Alexander Basil Matthews (November 21, 1942 – September 22, 2018), commonly known as Al Matthews, was an American actor, singer, and radio personality. He was best known for his appearance as Gunnery sergeant Apone in the 1986 film Aliens.

==Early life and military career==
Matthews was born in Brooklyn, New York on November 21, 1942. He was a member of the United States Marine Corps who graduated at Parris Island on May 25, 1966, and served during the Vietnam War. On his website, he stated:I spent six years in the United States Marine Corps; I hold thirteen combat awards and decorations, including two purple hearts. I was the first black Marine in the 1st Marine Division in Vietnam to be meritoriously promoted to the rank of sergeant; I served with Kilo Battery, Fourth Battalion, 11th Marines, 1st Marine Division, of that I am very proud.
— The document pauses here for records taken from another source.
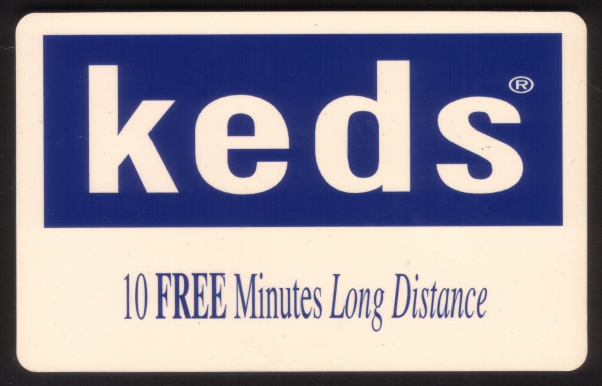The card promotes a 10-minute free long-distance calling offer linked to the Keds brand, known for footwear. The overall layout is minimalistic and functional, focusing on brand visibility and the promotional offer clearly without additional graphics or imagery.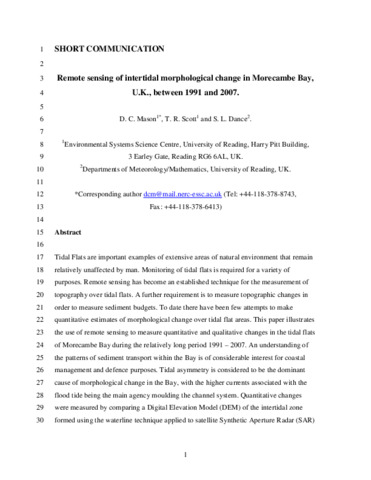 Remote sensing of intertidal morphological change in Morecambe Bay, U.K., between 1991 and 2007.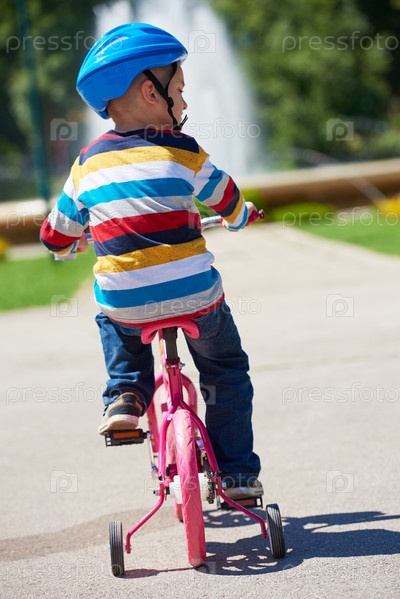 Счастливый мальчик катается на велосипеде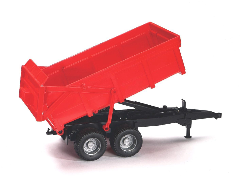 Side view of a red dump trailer scaled model with its bed raised, featuring a black chassis and two axles with four wheels.
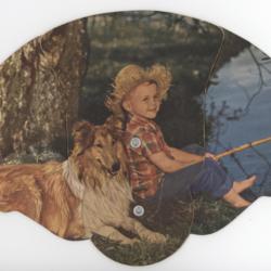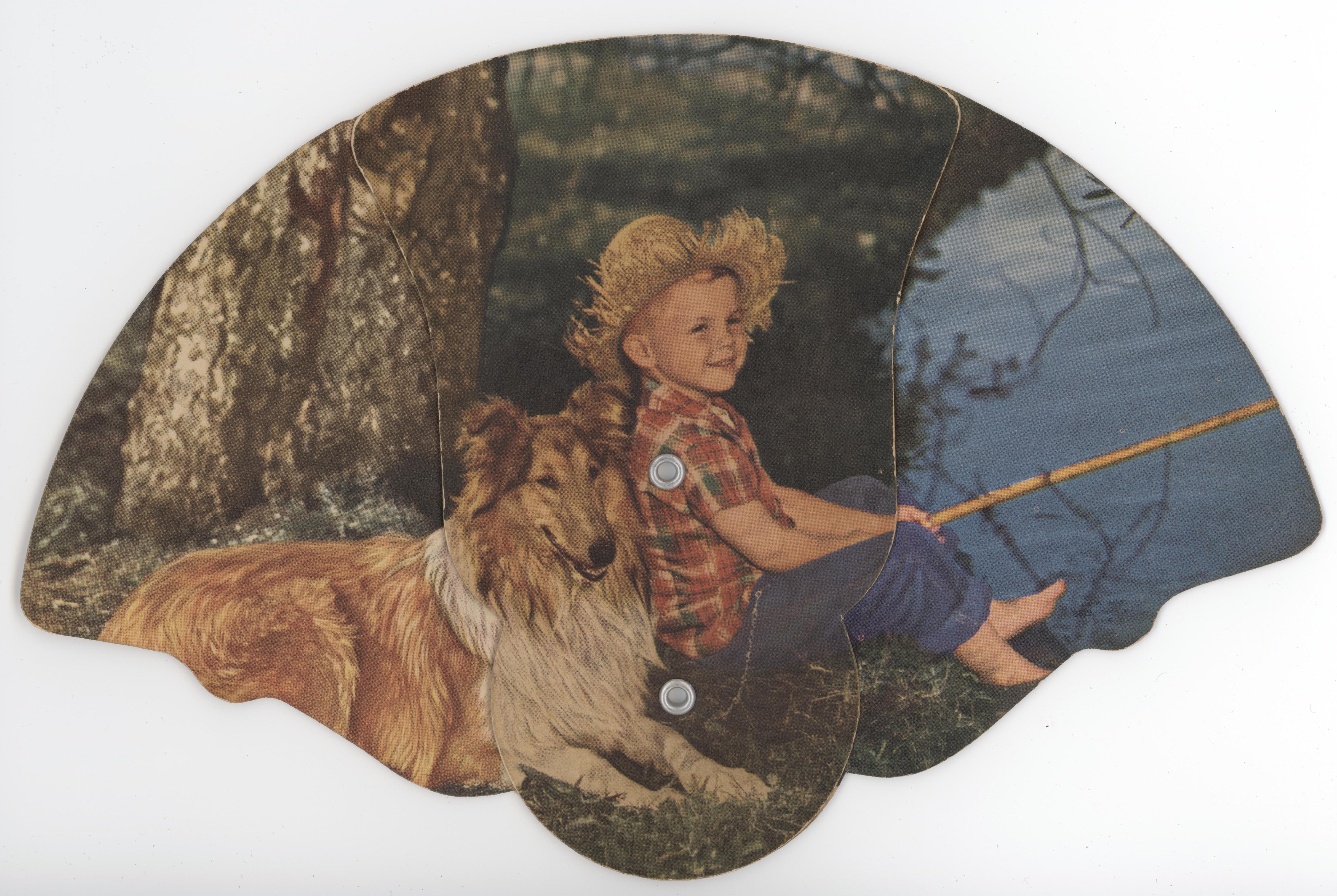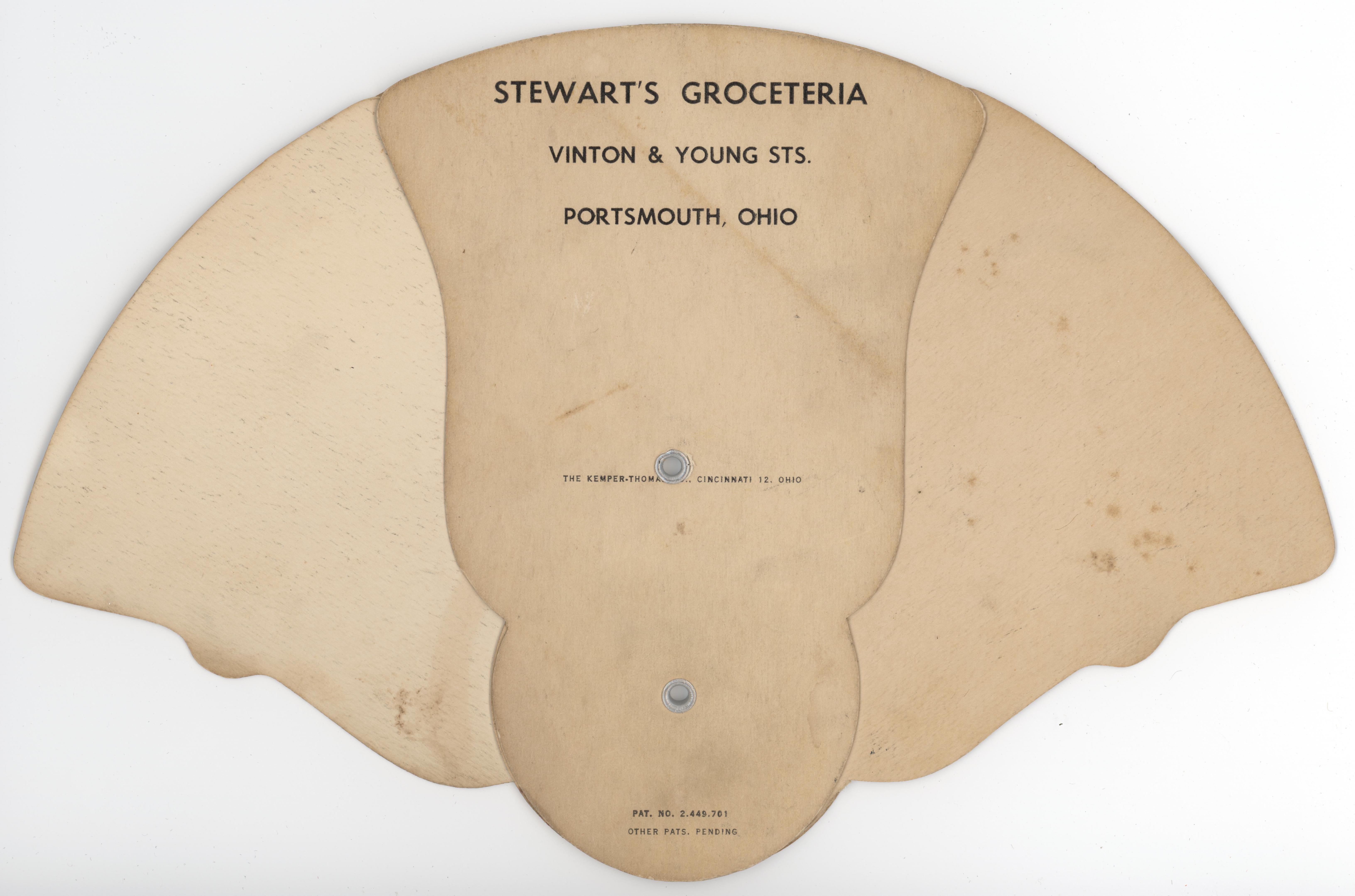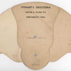 - Color folding board fan with boy and dog on front. "Stewart's Groceteria, Vinton & Young Streets, Portsmouth, Ohio" on back.

==Acting and musical career==
===Music===
Similar to US supply sergeant Chuck Bennett who was stationed in Germany, sang soul music and had a couple of chart hits as well as acted, Matthews was stationed away from his home and he had an earlier career in music.

In 1975, he scored a musical hit in the UK Singles Chart, "Fool", which reached number 16 in the fall of that year. One of the session singers on the record was Maxine Nightingale who had appeared in the German production of Hair in the early 1970s. Pierre Tubbs who produced Matthews' hit was impressed with Nightingale and he asked Nightingale's Hair co-star, J. Vincent Edwards to co-write a song with him which turned out to be “Right Back Where We Started From”.

In August 1976, Al Matthews & the Last Word were appearing at the Clouds in Brixton, The Pavilion in Bath and the BLue Lagaoon in Newquay.

In 1977, he recorded the single "It's Only Love". Backed with "Stormy Days and Lonely Nights" it was released on Mercury 6007 152.

In 1978, he released the single "People Are People" / "Run to You".

At some stage, Alan Mair played bass in the Al Matthews Band.

===Film===
Matthews played various acting roles, such as Ferguson in Rough Cut (1980), a workman in Omen III: The Final Conflict (1981), a Vietnam veteran in The Sender (1982), a fire chief in Superman III (1983), Benedict in The American Way (1986), Sergeant Apone in Aliens (1986), General Tudor in The Fifth Element (1997) and Master Sergeant #3 in Tomorrow Never Dies (1997). He also worked in British television, appearing in Grange Hill as Sam Green, the father of Benny Green, as well as in theater and radio; for the latter, as both an actor (on BBC Radio 4) and a presenter (on BBC Radio 1 and Capital Radio).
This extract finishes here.